A friend commissioned me to paint her daughter’s adorable first home, as a gift and celebration of this milestone. I waited for a while so they could send me some photos of full trees and flowers blooming around the house – Vermont’s spring comes quite a bit later than it does here!
I started with a pencil sketch. My client also sent photos of her daughter’s cat, so I pencilled him in on the front porch.
After some more recent photos were sent I was able to add newly-planted flowers to the color sketch.
And after approval from my client I transferred the drawing to illustration board and painted it using a combination of prisma pencils and acrylic paint washes.
I organized another Art+Faith Life Drawing session through my church and this time our model was a lovely friend of mine, tall and with waist-length hair; and instead of Madonna and Child poses we decided she could pose as Mary at the time of the Resurrection or other women of the New Testament. Another artist in our group borrowed some beautifully-made costumes from a Nativity pageant, and along with some props, veils and scarves we put together some wonderful depictions of women of the Bible to bring into our art.

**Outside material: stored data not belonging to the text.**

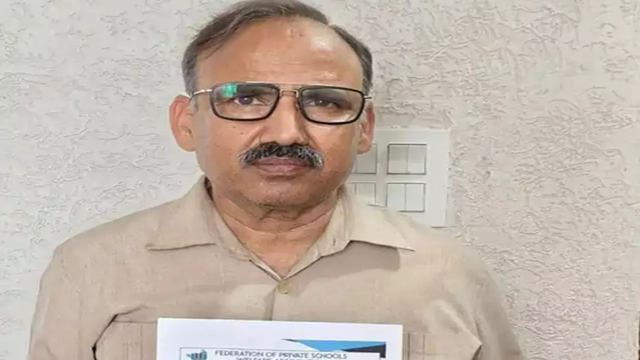 ज्ञापन के साथ फेडरेशन ऑफ प्राइवेट स्कूल्स वेलफेयर एसोसिएशन के अध्यक्ष कुलभूषण शर्मा।
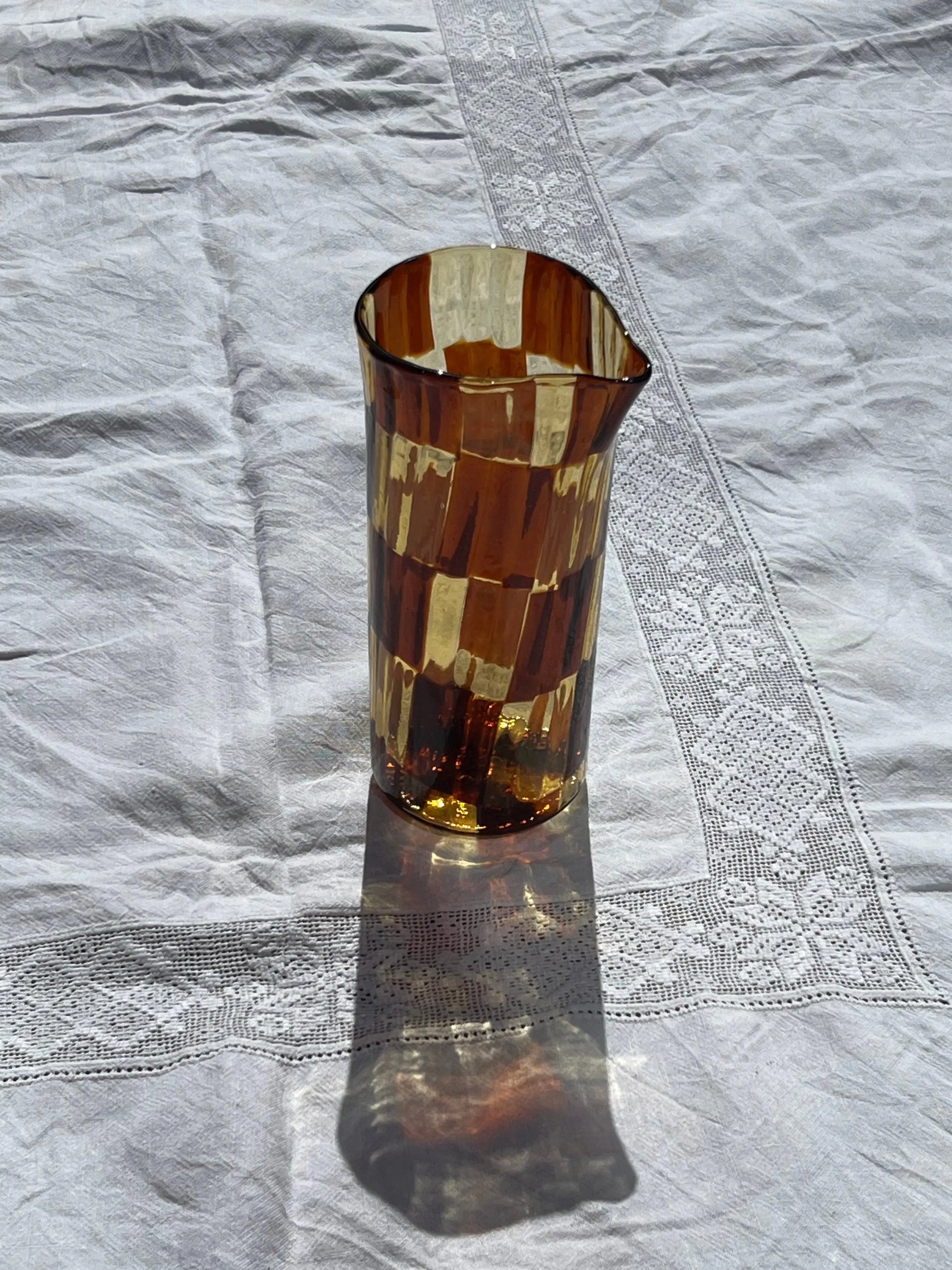 Håndblæst Murano Karaffel i Glas med Skaktern i Lysebrun/karamel og Mørkebrun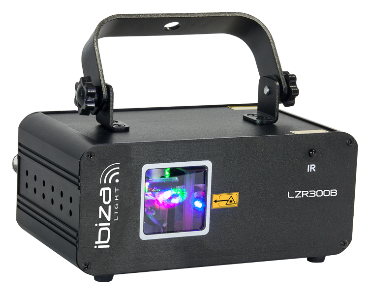 The Ibiza Light LZR300B is a 300mW blue graphic laser that is equipped with a 532nm blue laser diode and comes with DMX controllability as well as 21 pre-programmed light shows.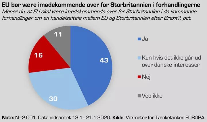 Står det til danskerne, skal EU være imødekommende over for briterne i forhandlingerne om det fremtidige forhold. Det viser vores seneste måling blandt 2.000 danskere.

We started with warm-up sketches of about 5 minutes in length. I sketched on charcoal paper with chalk and conté crayon.
I didn’t get too far with this one below but I think I have the basic pose, just have to develop it more. This is prisma pencil on charcoal paper. I think this drawing could be Mary waiting to go with the other two women to the tomb on Easter morning.

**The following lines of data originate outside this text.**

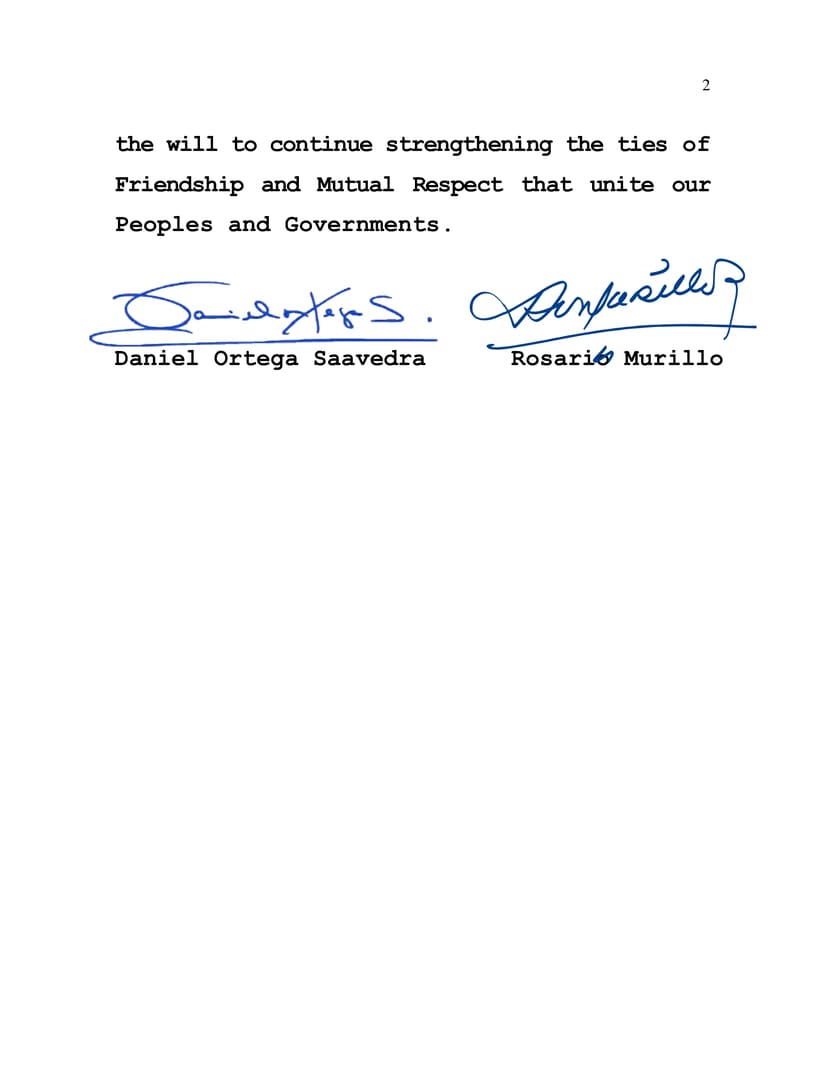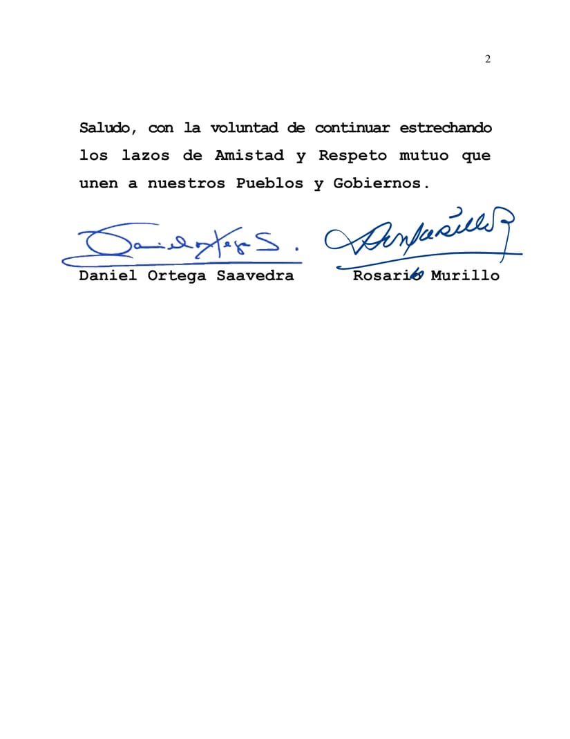 From our Nicaragua, Always Blessed and Always Free, we send our Fraternal Greetings, with the will to continue strengthening the ties of Friendship and Mutual Respect that unite our Peoples and Governments.
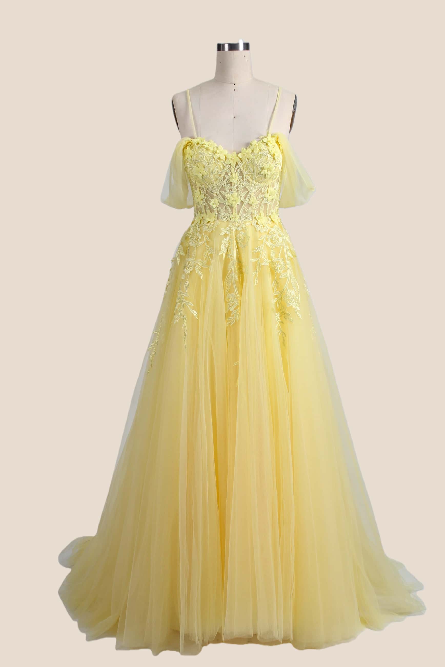 Yellow Strapless Slit Long Dress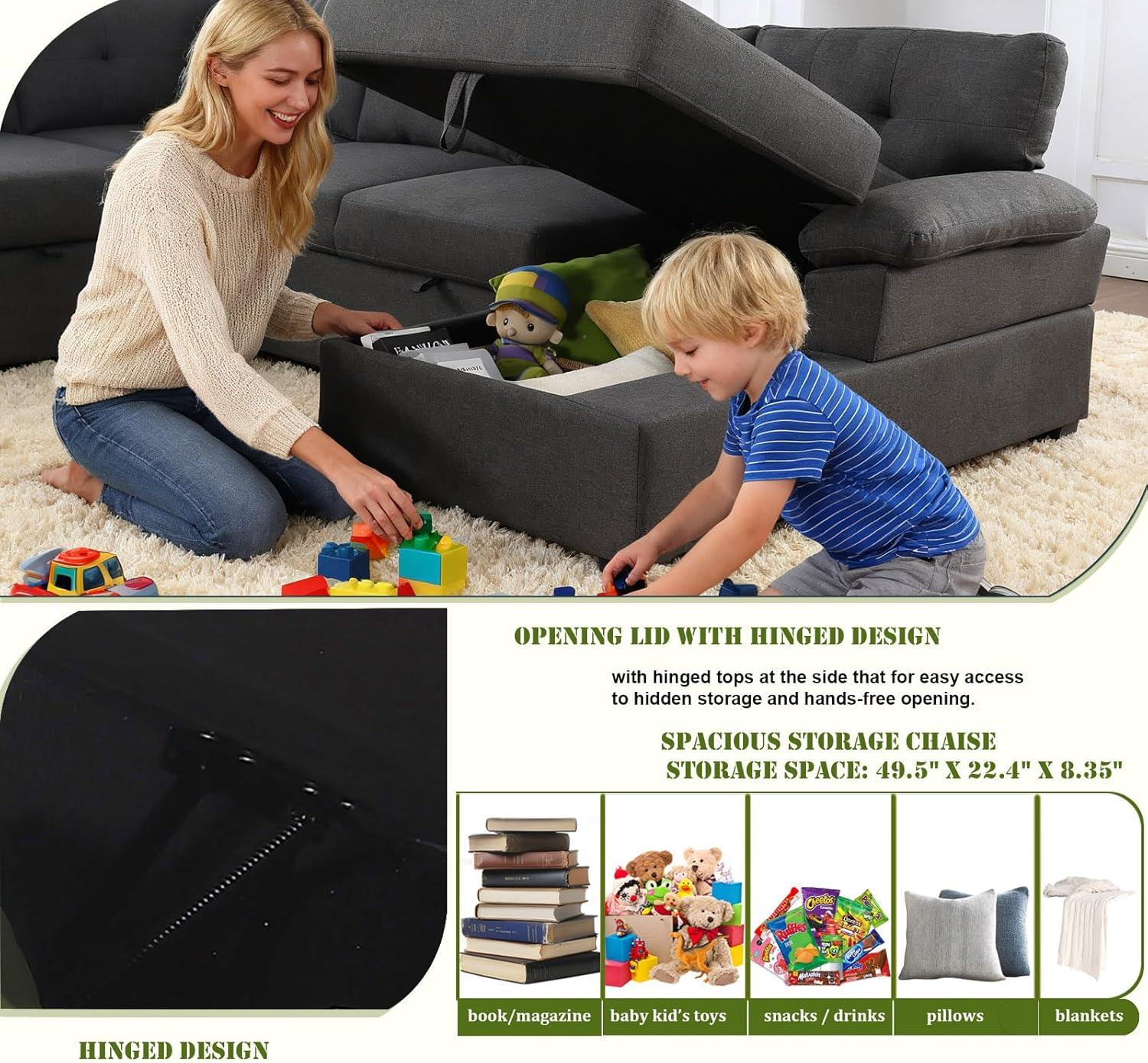 One of the standout features of this U-shaped sectional is the spacious storage integrated right into the chaise lounge. Measuring approximately 22.4″ x 49.5″ x 8.35″,the hinged top lifts effortlessly to reveal a hollow interior perfectly sized for storing blankets,books,magazines,or even board games. This clever incorporation means we can keep our living room clutter-free without sacrificing style or comfort.The storage space is deep enough to accommodate bulky items, making it ideal for families who need to balance everyday living with occasional overnight guests.

The last two are twenty minute poses I drew on toned grey sketch paper, with burnt sienna and white prisma pencils. I added some local color with other pencils and chalks. The top woman with the jar could be the ‘woman at the well’ that Jesus met, and the bottom one, since we dressed her with several accessories, could be a wealthy woman – perhaps Pilate’s wife, contemplating her message to Pilate to “have nothing to do with this righteous man.”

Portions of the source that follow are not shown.